L’ironie ne m’échappe pas : pour comprendre notre besoin de connexion, nous nous rassemblons physiquement et en nombre !
L'époque des cellules éclatées
Nos grands-parents vivaient sous le même toit sur plusieurs générations. Aujourd’hui, ce n’est plus le cas et nos organigrammes d’entreprise ressemblent étrangement à nos structures familiales recomposées : éclatées, flexibles, en perpétuelle redéfinition.
Les cellules monoparentales côtoient les familles recomposées, tout comme vos équipes mêlent salariés, freelances, télétravailleurs et collaborateurs hybrides.
Dans votre organisation, combien de « familles professionnelles » différentes coexistent ? Et surtout, comment dialoguent-elles entre elles ? Les rôles de chacun.e sont-ils clairs pour tout le monde ?
Différents regards pour éclairer nos zones d'ombre
M. Maffesoli - Du "Je" au "Nous" (ou comment cesser d'être une collection d'individus)
Michel Maffesoli nous le dit sans détour : nous quittons l’ère de l’individualisme cartésien pour entrer dans celle des tribus.
Le contrat social vertical, celui de « la loi du père », cède la place aux pactes émotionnels horizontaux, éphémères mais intenses.
Dans vos open-spaces, comment cela se traduit-il ? :
- Par ces équipes-projets qui se forment et se dissolvent,
- Par ces communautés de pratique qui émergent spontanément,
- Par cette génération Z qui préfère dire « nous avons réalisé » plutôt que « j’ai fait ».
Le lieu fait lien, rappelle M. Maffesoli. Vos espaces de travail ne sont plus seulement des bureaux : ils deviennent des lieux de célébration collective, parfois ludiques, parfois festifs et toujours sérieux.
P. Bobola - La logique du "ET" plutôt que du "OU"
Philippe Bobola nous rappelle que le monde quantique fonctionne sur la complémentarité, pas sur l’exclusion : jour ET nuit, individu ET collectif., présentiel ET distanciel.
Pourtant, combien de fois entendons-nous en entreprise : « Soit tu es au bureau, soit tu travailles chez toi » ? « Soit on fait de l’individuel, soit du collectif » ? P. Bobola nous invite à « déterritorialiser le savoir » : mettre les savoirs en lien plutôt que de les cloisonner.
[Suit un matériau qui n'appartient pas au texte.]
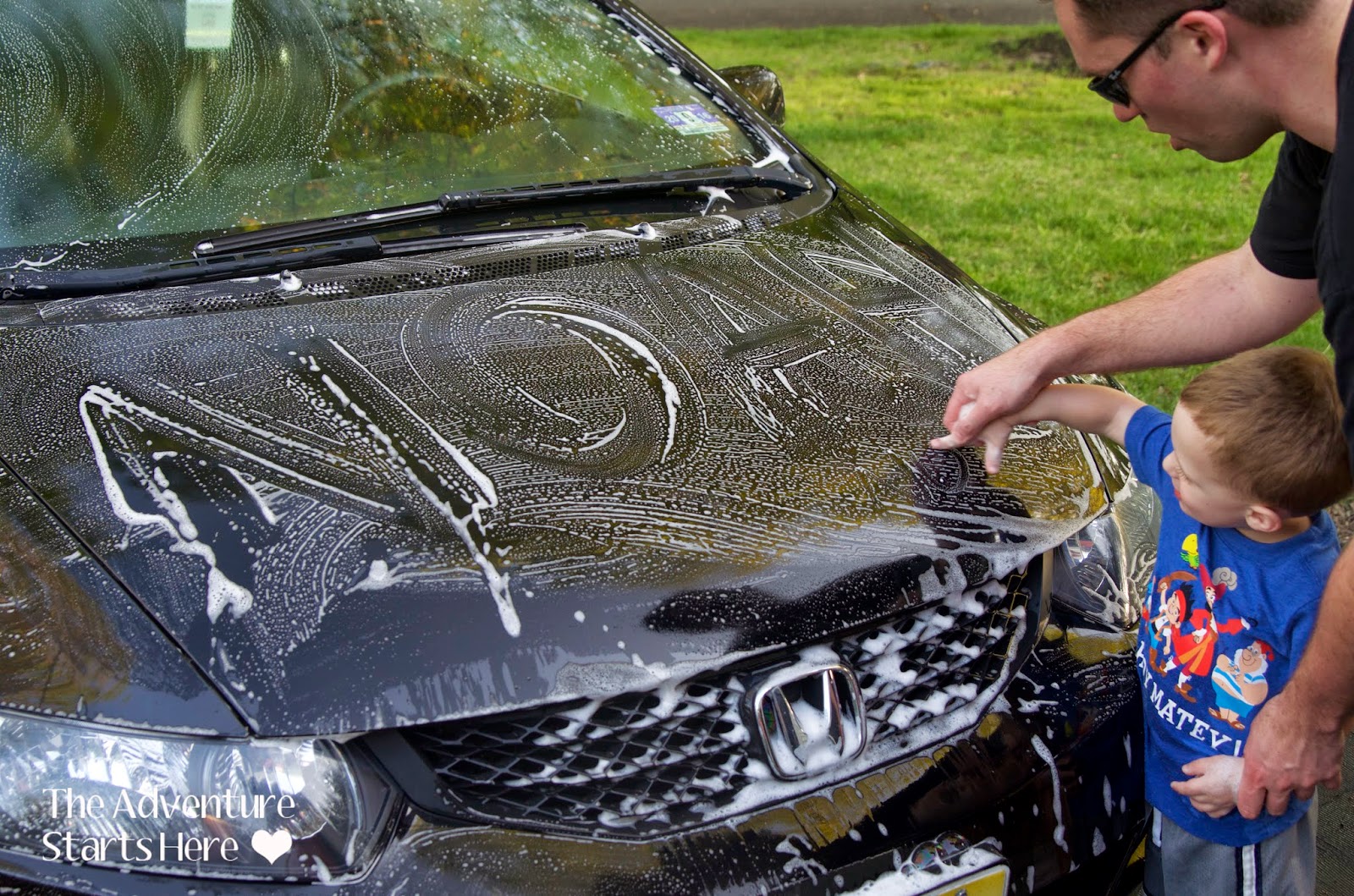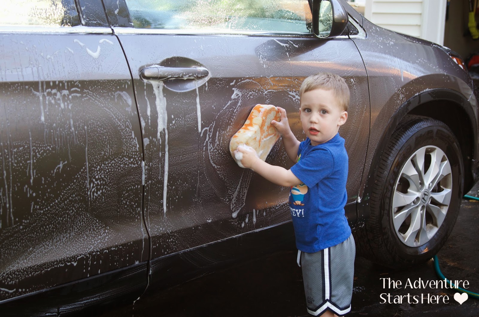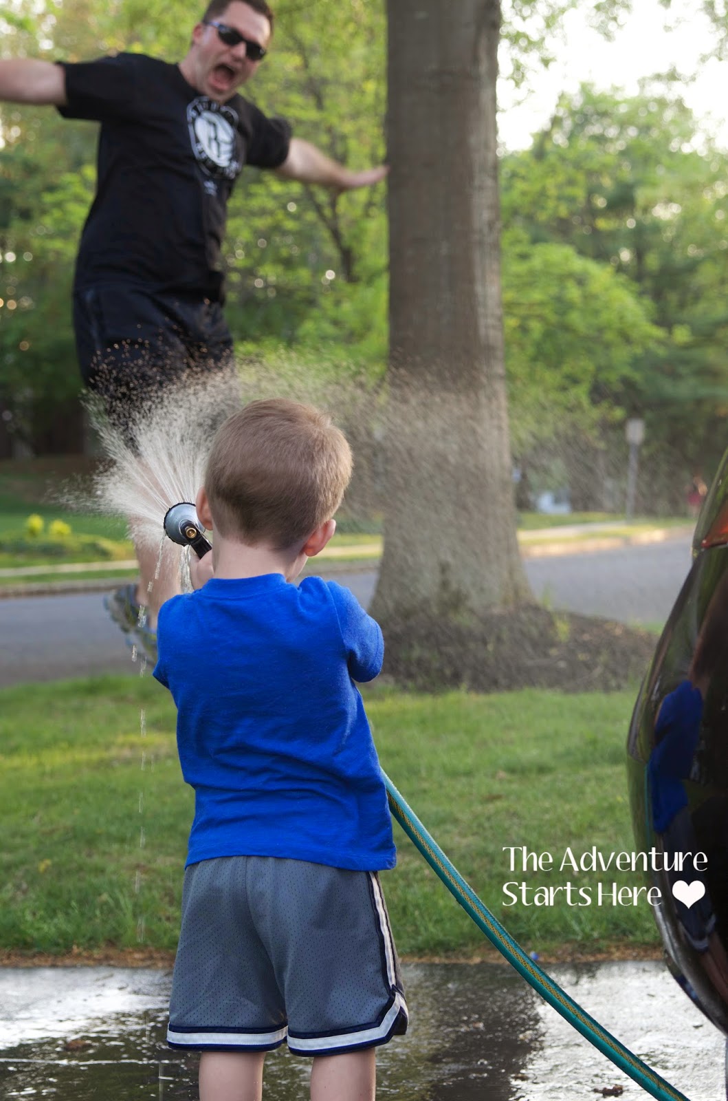 Not only did Noah wash the cars, but he also sprayed me and Chris with the hose!

Les silos organisationnels volent en éclat.
Quelle opposition de votre organisation pourriez-vous transformer en complémentarité créative ?
E. Fiat - Apprendre à danser sur un kaléidoscope
Éric Fiat nous offre peut-être la métaphore la plus parlante : nous sommes des caméléons posés sur un patchwork en perpétuel mouvement. De quoi devenir fou. Sa prescription ? Apprendre à danser.
L’entreprise d’aujourd’hui exige une adaptation permanente à un monde impermanent.
Les jeunes collaborateurs l’ont compris intuitivement : ils ne cherchent plus un emploi « stable » (quelle étrange notion désormais), mais une danse qui les fait vibrer. Le travail n’est plus une valeur en soi, mais une activité pour accéder à la réalisation de soi.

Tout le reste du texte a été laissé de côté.